▶ **TASK DETAILS**: Copy the material below verbatim from the line with "Sâmbătă, 17 mai" to the line with "honey oak kitchen", both lines included, omitting pictures and every line outside that range.

▶ **RECORDS FOR THIS TASK**:
--------

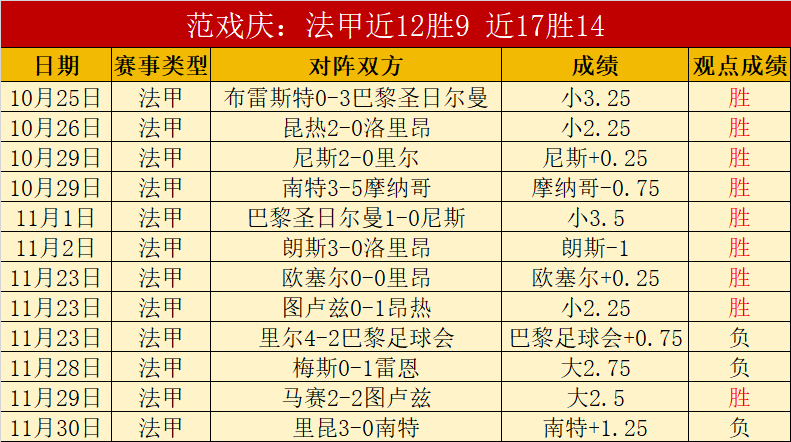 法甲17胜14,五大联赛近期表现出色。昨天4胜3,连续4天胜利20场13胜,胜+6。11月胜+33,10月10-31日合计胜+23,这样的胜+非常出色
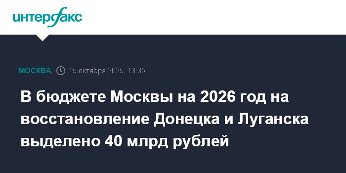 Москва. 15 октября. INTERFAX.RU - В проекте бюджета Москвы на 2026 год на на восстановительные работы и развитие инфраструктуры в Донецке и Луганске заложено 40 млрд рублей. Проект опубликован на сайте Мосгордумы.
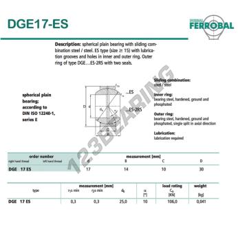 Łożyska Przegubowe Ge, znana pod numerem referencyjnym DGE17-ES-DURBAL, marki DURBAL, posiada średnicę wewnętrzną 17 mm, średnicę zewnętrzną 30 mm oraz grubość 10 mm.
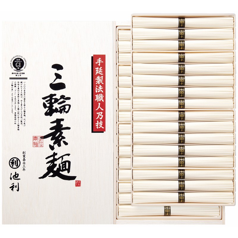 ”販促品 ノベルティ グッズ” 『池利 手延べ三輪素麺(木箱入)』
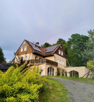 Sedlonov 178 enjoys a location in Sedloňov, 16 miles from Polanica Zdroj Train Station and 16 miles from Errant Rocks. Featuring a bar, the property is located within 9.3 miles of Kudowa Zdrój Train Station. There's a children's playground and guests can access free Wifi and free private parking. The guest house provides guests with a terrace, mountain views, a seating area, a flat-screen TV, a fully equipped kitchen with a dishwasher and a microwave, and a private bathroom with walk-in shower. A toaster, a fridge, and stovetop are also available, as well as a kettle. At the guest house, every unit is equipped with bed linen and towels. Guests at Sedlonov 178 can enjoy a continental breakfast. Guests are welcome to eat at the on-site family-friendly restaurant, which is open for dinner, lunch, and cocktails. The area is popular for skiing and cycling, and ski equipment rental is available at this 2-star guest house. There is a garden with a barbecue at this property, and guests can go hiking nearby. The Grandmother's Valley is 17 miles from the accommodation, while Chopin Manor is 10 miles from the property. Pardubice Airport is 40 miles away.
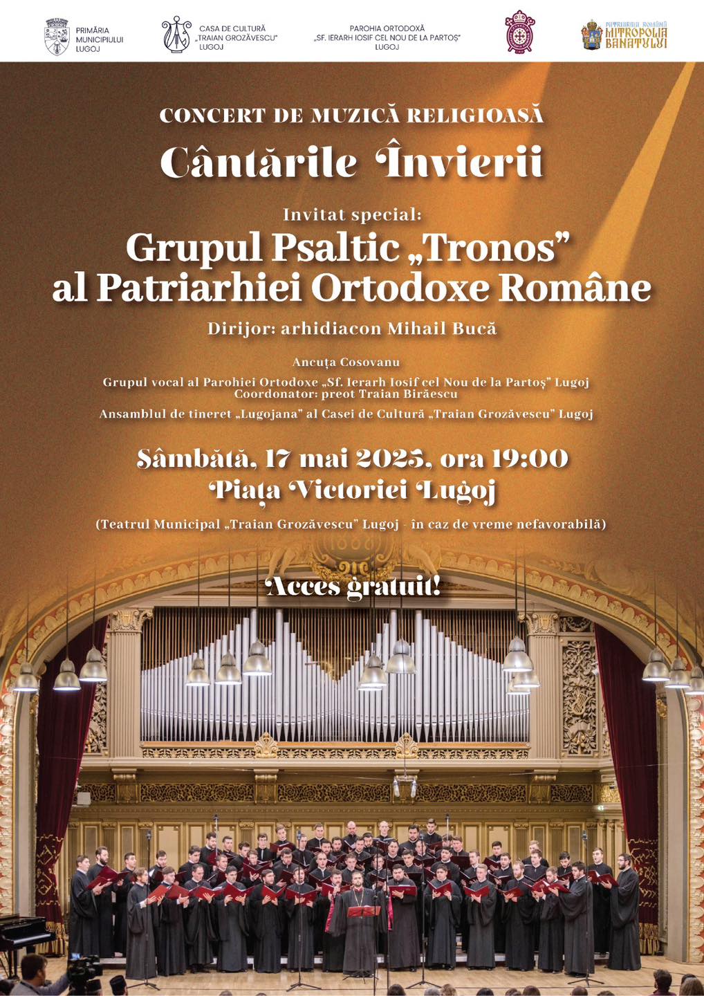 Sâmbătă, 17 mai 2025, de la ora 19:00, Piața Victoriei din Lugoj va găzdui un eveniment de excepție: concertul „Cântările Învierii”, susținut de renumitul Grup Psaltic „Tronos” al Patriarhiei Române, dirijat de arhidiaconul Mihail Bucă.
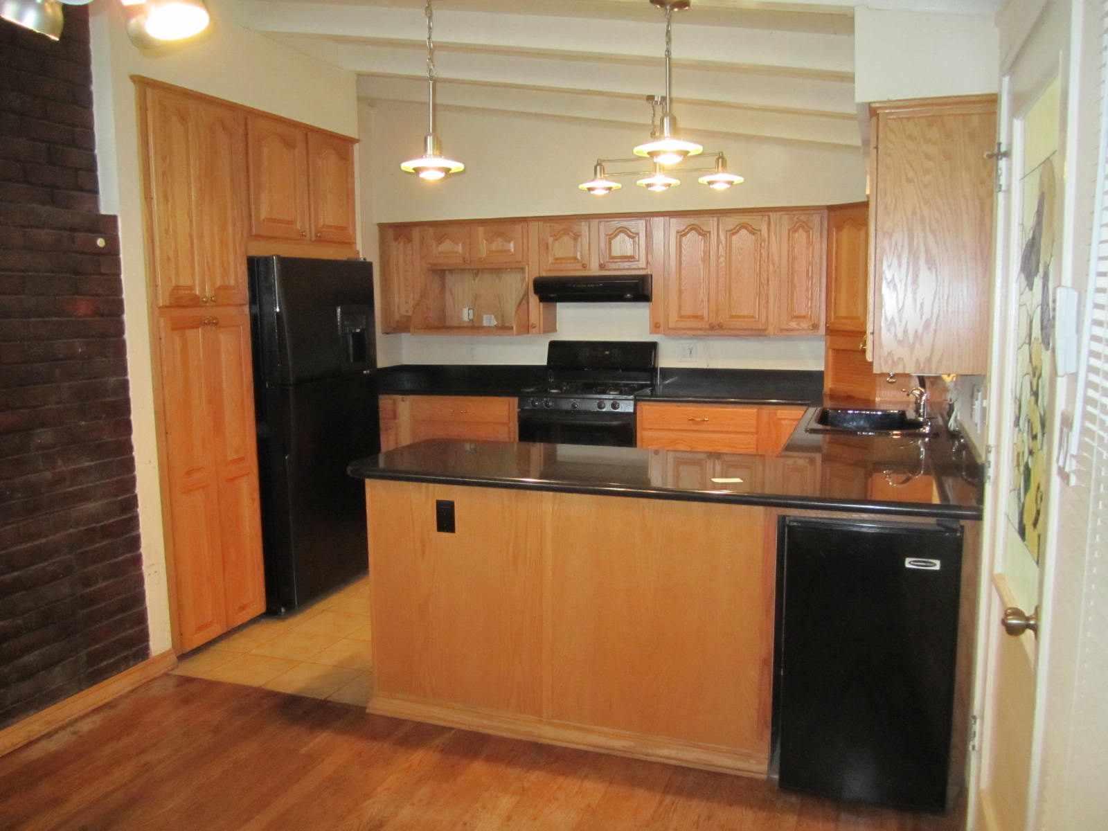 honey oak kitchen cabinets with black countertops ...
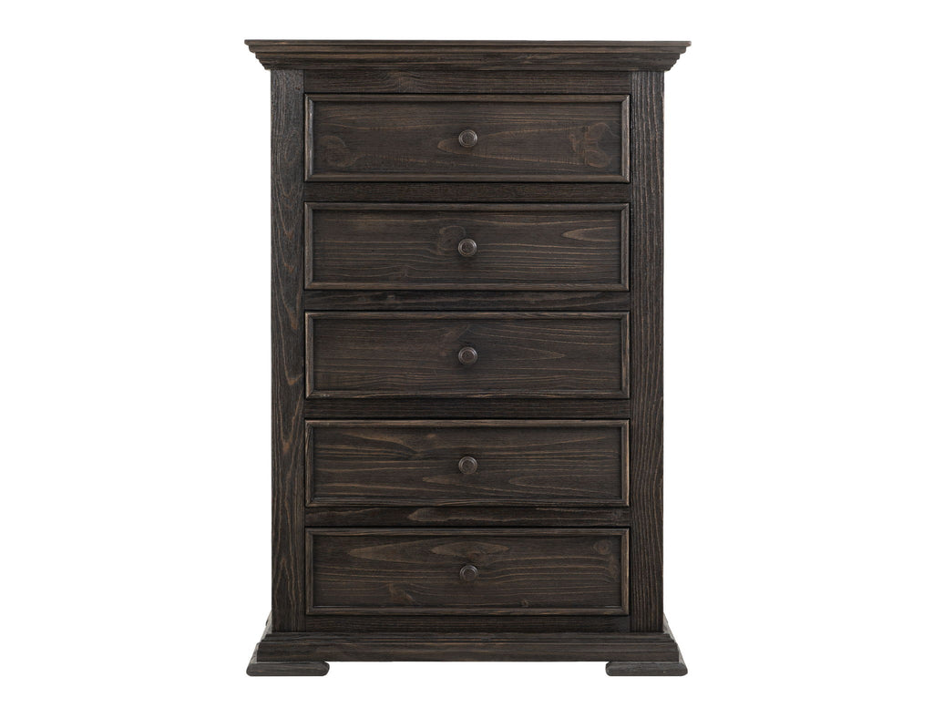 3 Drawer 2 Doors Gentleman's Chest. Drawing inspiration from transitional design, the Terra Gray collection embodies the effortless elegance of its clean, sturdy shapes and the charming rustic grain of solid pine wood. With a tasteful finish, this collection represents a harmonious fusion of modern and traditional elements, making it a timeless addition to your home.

--------

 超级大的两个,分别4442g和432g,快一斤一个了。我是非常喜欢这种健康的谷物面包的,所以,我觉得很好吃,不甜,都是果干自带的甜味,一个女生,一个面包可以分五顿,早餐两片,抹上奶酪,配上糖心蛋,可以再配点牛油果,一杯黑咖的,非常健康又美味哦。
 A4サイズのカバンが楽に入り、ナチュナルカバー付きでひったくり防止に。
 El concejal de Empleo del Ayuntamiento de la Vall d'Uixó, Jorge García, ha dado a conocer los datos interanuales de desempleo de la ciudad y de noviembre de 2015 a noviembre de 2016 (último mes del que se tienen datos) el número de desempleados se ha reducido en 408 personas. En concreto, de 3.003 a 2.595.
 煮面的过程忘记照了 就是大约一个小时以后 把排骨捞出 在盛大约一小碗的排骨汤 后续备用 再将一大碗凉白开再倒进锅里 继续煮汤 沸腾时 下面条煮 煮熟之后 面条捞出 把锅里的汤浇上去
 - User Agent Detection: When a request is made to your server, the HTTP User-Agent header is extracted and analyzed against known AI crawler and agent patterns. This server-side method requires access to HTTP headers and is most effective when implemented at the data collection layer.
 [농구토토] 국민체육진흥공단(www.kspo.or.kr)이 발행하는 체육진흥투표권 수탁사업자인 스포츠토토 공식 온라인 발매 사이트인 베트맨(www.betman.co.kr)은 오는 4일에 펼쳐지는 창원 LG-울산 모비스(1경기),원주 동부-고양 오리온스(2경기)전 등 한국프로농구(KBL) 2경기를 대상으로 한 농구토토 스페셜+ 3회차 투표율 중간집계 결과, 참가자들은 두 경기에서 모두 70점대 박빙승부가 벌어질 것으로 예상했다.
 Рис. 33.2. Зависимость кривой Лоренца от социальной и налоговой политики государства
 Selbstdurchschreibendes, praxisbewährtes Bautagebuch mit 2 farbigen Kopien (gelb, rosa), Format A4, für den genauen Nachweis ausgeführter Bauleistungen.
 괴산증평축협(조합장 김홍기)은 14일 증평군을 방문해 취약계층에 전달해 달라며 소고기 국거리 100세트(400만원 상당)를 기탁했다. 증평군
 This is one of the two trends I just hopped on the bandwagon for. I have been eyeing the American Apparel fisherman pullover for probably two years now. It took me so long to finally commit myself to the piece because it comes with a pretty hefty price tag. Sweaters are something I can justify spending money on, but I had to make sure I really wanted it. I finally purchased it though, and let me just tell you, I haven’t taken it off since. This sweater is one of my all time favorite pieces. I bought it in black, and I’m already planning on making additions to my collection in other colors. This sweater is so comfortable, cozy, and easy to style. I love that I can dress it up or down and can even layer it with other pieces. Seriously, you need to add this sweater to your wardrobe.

--------

▶ **RESPONSE AREA**:
 Sâmbătă, 17 mai 2025, de la ora 19:00, Piața Victoriei din Lugoj va găzdui un eveniment de excepție: concertul „Cântările Învierii”, susținut de renumitul Grup Psaltic „Tronos” al Patriarhiei Române, dirijat de arhidiaconul Mihail Bucă.
 honey oak kitchen cabinets with black countertops ...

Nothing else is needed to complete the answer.